Спрашивать было больше некого. Мешок сорвался с плеча и упал в грязь. Посох ушел из руки следом. Я дернулся. Хват от этого только сел плотнее и полез выше, к коленям.

— Хозяин… — Спорыш посерел до цвета мокрого пепла. — Это не Лес. Это…

Куча праха на месте гибели твари двинулась. Остаточный туман потянуло в одну воронку — с воем, как тянет в печную трубу. Плоть чудовища рассыпалась, я видел это своими глазами и выгреб из нее полмешка. Но над полем поднималось черное, бурлящее и жадное, и оно жрало вокруг себя остатки света. Первородная гадость, которая тысячу лет назад съела Изумрудную Колыбель, уходить в небытие не собиралась.

В середине мглы зажглись два желчных огня. Из мрака пошло шипение, длинное и шелестящее, и от этого шелеста у меня свело затылок.

— Что оно шипит?

— Оно… — Спорыша трясло всем тельцем. — Оно говорит, что плоть была временным сосудом. Оно называет себя Великим Голодом. Оно говорит: ты разбил старую скорлупу, гоблин, но твоя искра Смерти очень сладкая. Оно хочет выпить тебя до дна. Хозяин, оно хочет сплести себе из твоего тлена новое тело!

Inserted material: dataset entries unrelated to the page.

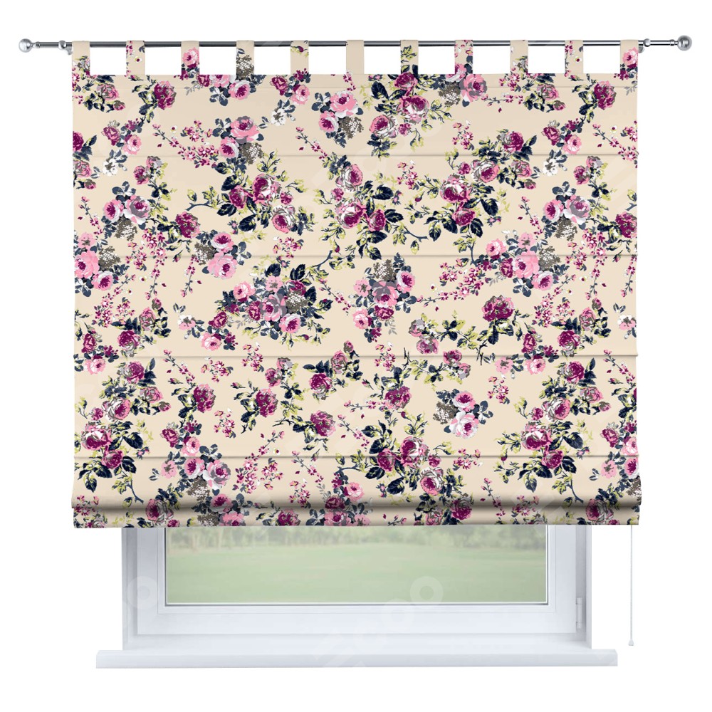 Римская штора на петлях «Россыпь розовых цветов»
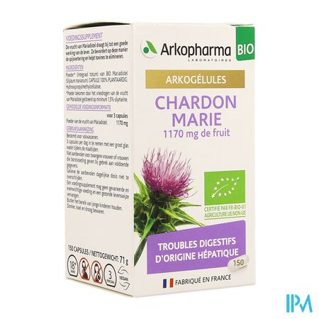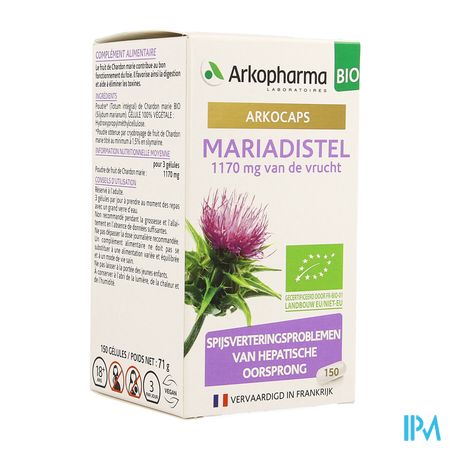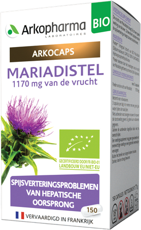 Arkocaps® Mariadistel is een voedingssupplement. De vrucht van Mariadistel draagt bij tot een goede werking van de lever. Ze bevordert op deze manier de spijsvertering en helpt toxines te elimineren.
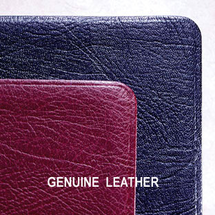 Genuine LeatherGenuine Leather differs from Bonded Leather in that it consist of a single piece of leather, not many bonded pieces. Genuine Leather is made from first quality animal hides (usually pig or cowhide). It has a finely grained texture, and with proper care, Genuine Bibles should last a lifetime. (Note: The above pictures of Genuine leather are to depict the style of leather only not the actual colors. Shades of Black and Burgundy Bibles may be lighter or darker than those shown here.) |
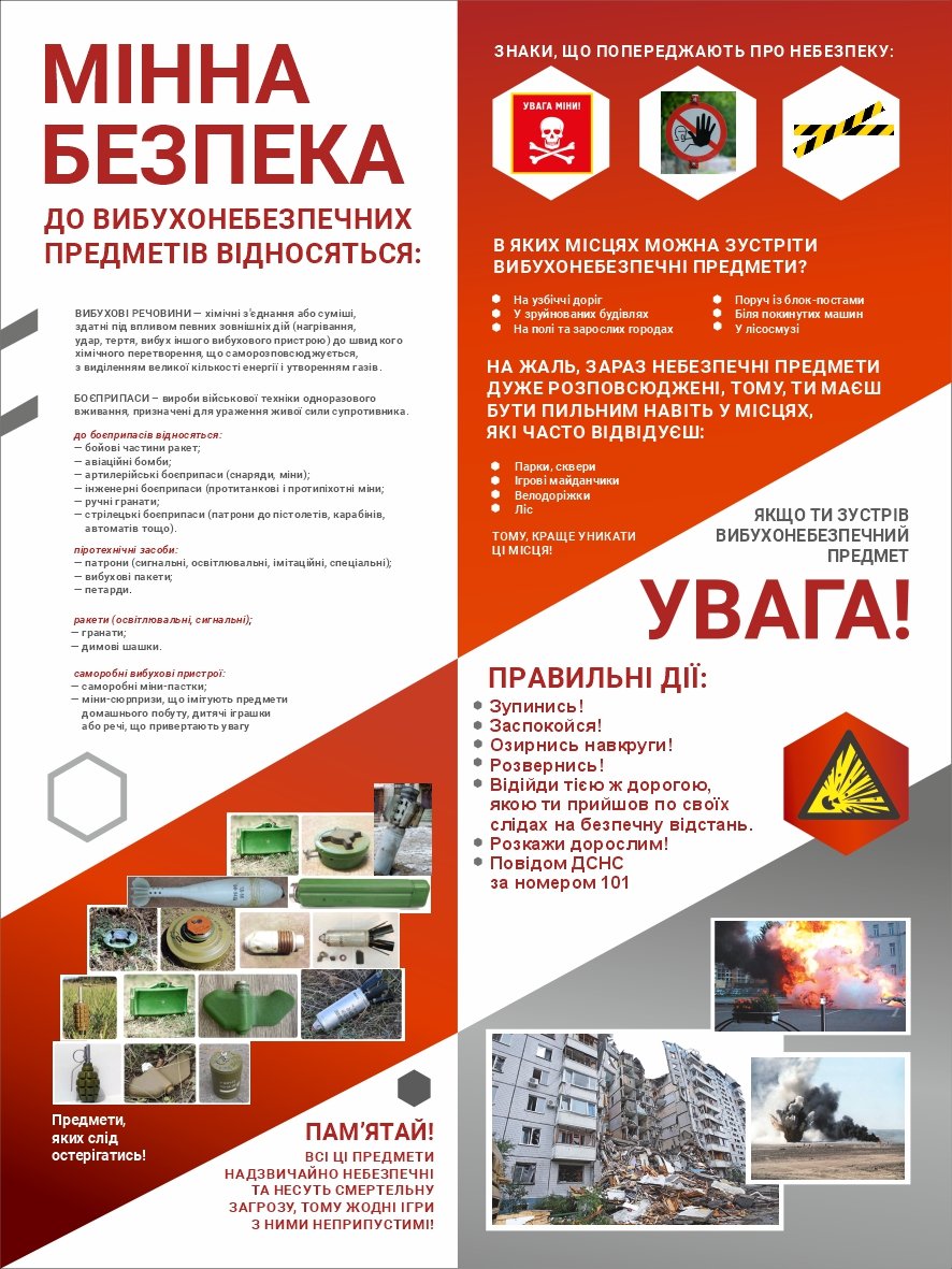 - Основний зміст: Правила поведінки при виявленні мін або вибухонебезпечних предметів, опис видів мін та способів їх виявлення. Контактні номери екстрених служб.
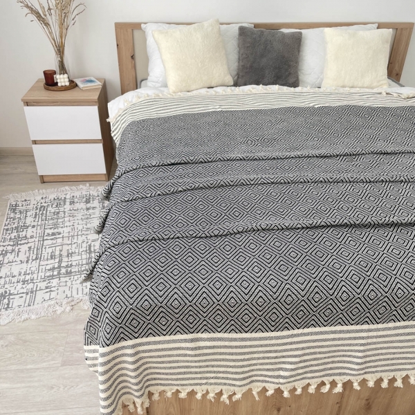Плед покривало 180х230 ромб чорний
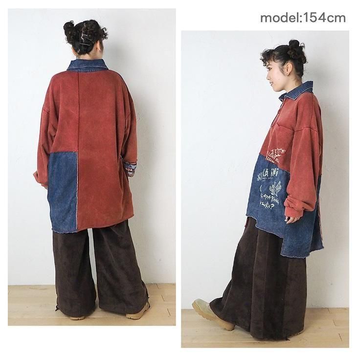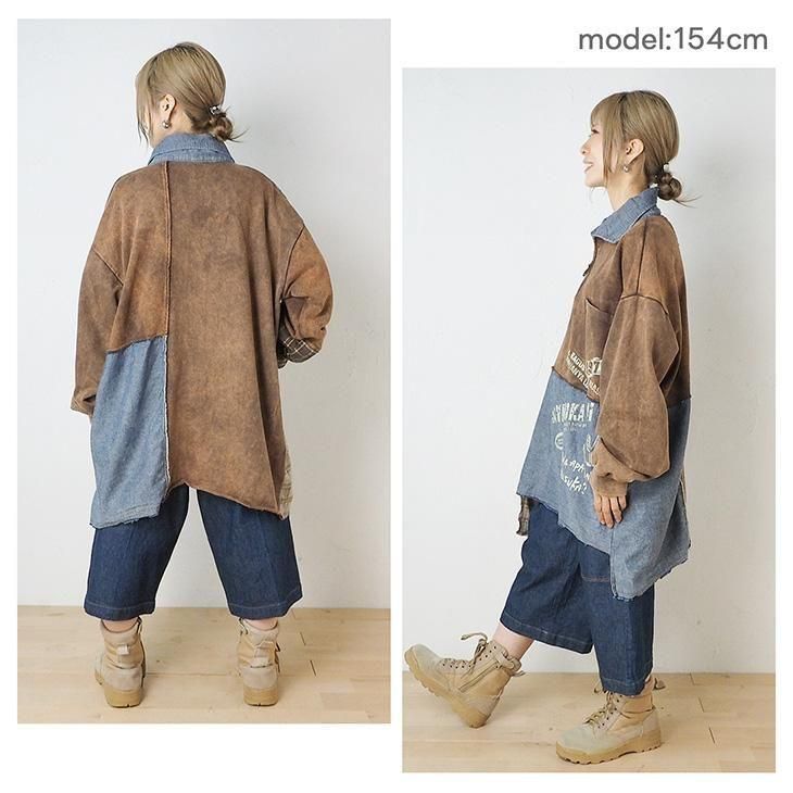 ウール(チェック柄)×デニムの切り替えがGOOD!
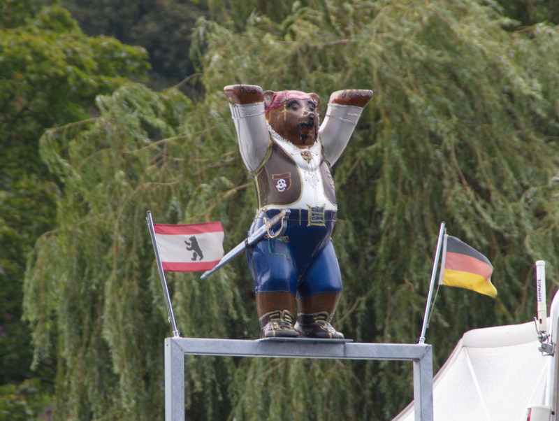 23. 8. 2011. Berlin. Zehlendorf. Wannsee. Kleiner Buddy Bär als Pirat bei einem Yachthafen
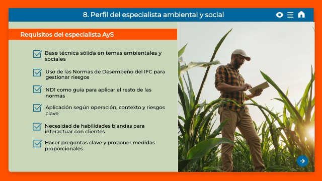 8. Perfil del especialista ambiental y social
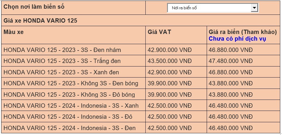 | Giá xe Vario 125 phiên bản mới nhất 2024: Giá xe ngày 18/6/2024 |
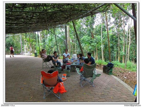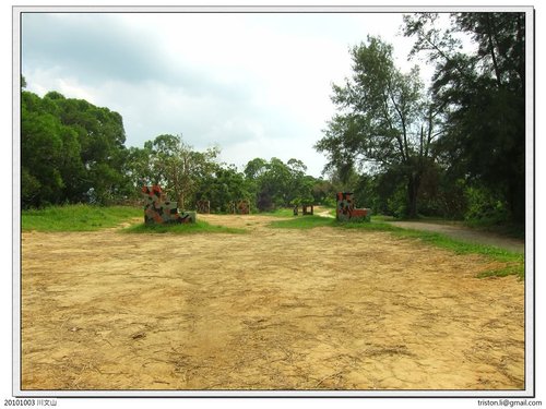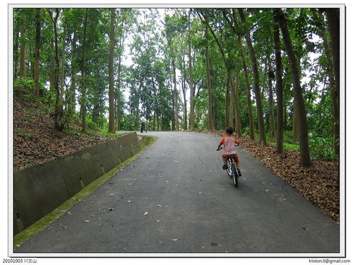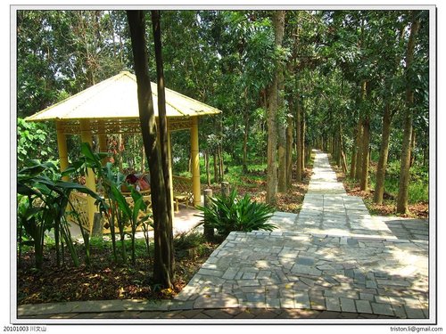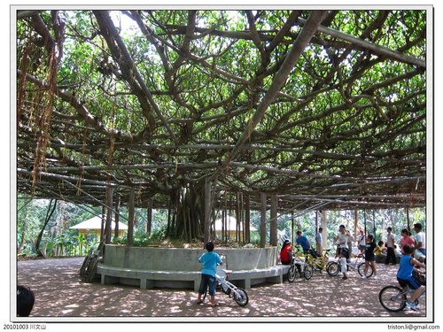順道一提,川文山其實是私人的土地,原本是占地十四公頃多的梯田式芒果園,官田鄉民"賴顯明"先生把自己的土地拿來做造林,然後再開放給民眾休閒旅 遊,而且又不收費,另外也有部份土地是國軍在官田大內營區的訓練場地,拜部隊管制再加上賴顯明"先生努力植樹之賜,這裡遍植了上萬株的桃花心木、雞木、樟 樹,還有幾棵超大的榕樹,來走一趟就知道有多大!
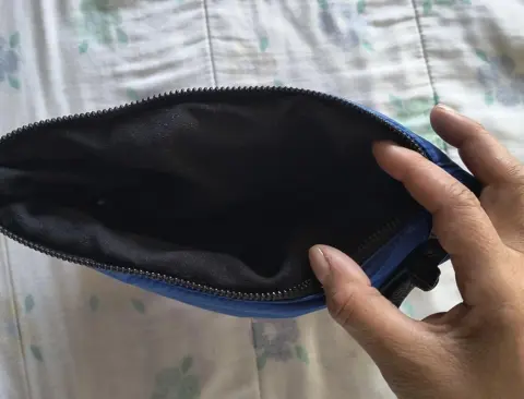 Cosmetiquera azul. Mínimo uso y sin ningún detalle. Forro interior. Cierre con logo de la marca
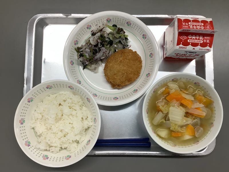 ごはん、牛乳、メンチカツ、キャベツの赤しそあえ、和風ポトフです。
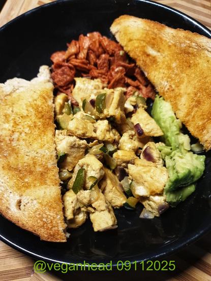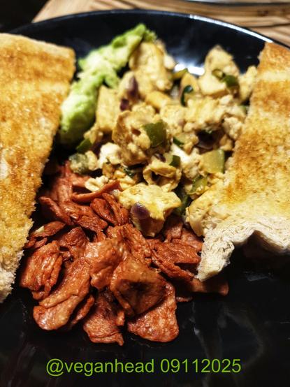 Scrambled Tofu (w\ red onion, green pepper, courgette),'Vegobacon' Klippta Skivor Vegansk, Fresh Avocado, Toasted Bread
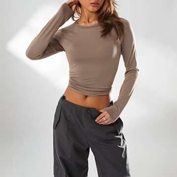 Y2K Long Sleeve Top for Women Fairy Grunge Tee Shirt Fashion Solid Slim Fit Blouse Tops(F-Brown,S)

Корни сжались, выдавив из легких остаток воздуха.

Я всю жизнь торговал смертью в розницу и научился считать все, что можно посчитать. К этому счета не было. Резерв пуст, посох в грязи, мешок в грязи, свита в графе, которую некуда писать. Мгла надвигалась и не спешила, а из мглы к моему лицу уже тянулись когти, сотканные из праха и тени.

Нож я из руки не выпустил. Больше в ней все равно ничего не было.

* * *

«Если маленький светящийся гриб дает тебе советы, как убить большого злого гриба, то либо он очень храбрый, либо очень глупый. Либо он просто хочет, чтобы ты отвлек большого гриба, пока он тырит его споры.»

Гоблинский Дипломат Шнырь Хитрый

Шипы стягивали мне грудную клетку ровно, без всякой злобы, как стягивают тюк перед погрузкой. Перед глазами плавали багровые пятна. Великий Голод не спешил. Он висел надо мной черной клубящейся мутью с двумя желчными огнями и ждал, пока я дойду до нужной кондиции.

Считать я умею. Считать было нечего. Ни щепоти праха в подсумке, ни капли эссенции, ни искры в резерве. Посох и мешок лежали в грязи в двух шагах, то есть на другом конце мира. Нож остался в руке. Не от храбрости: пальцы свело, и разжать их я не мог.

Владыкой Тлена меня называл покойник. Он делал это торжественно, обеими руками, и я всякий раз просил его так не делать. Теперь просить было некого, а титул сидел на мне, как чужая шляпа на утопленнике: гоблин, державший на этом дне две сотни тел, висел в силках и ждал, когда его съедят. Ни один бард не станет искать рифму к такому концу.

Мгла распахнула пасть.

Еще мгновение назад пасти у нее не было, я готов был поклясться. Теперь была: вполне осязаемая, сотканная из праха и плотных теней, с клыками, похожими на искрошившиеся надгробия. Оттуда пахнуло. Не тленом — тлен я знаю, он пахнет работой. Оттуда пахнуло ничем. Так пахнет могила, из которой вынули не только тело, но и память о том, что тело в ней лежало.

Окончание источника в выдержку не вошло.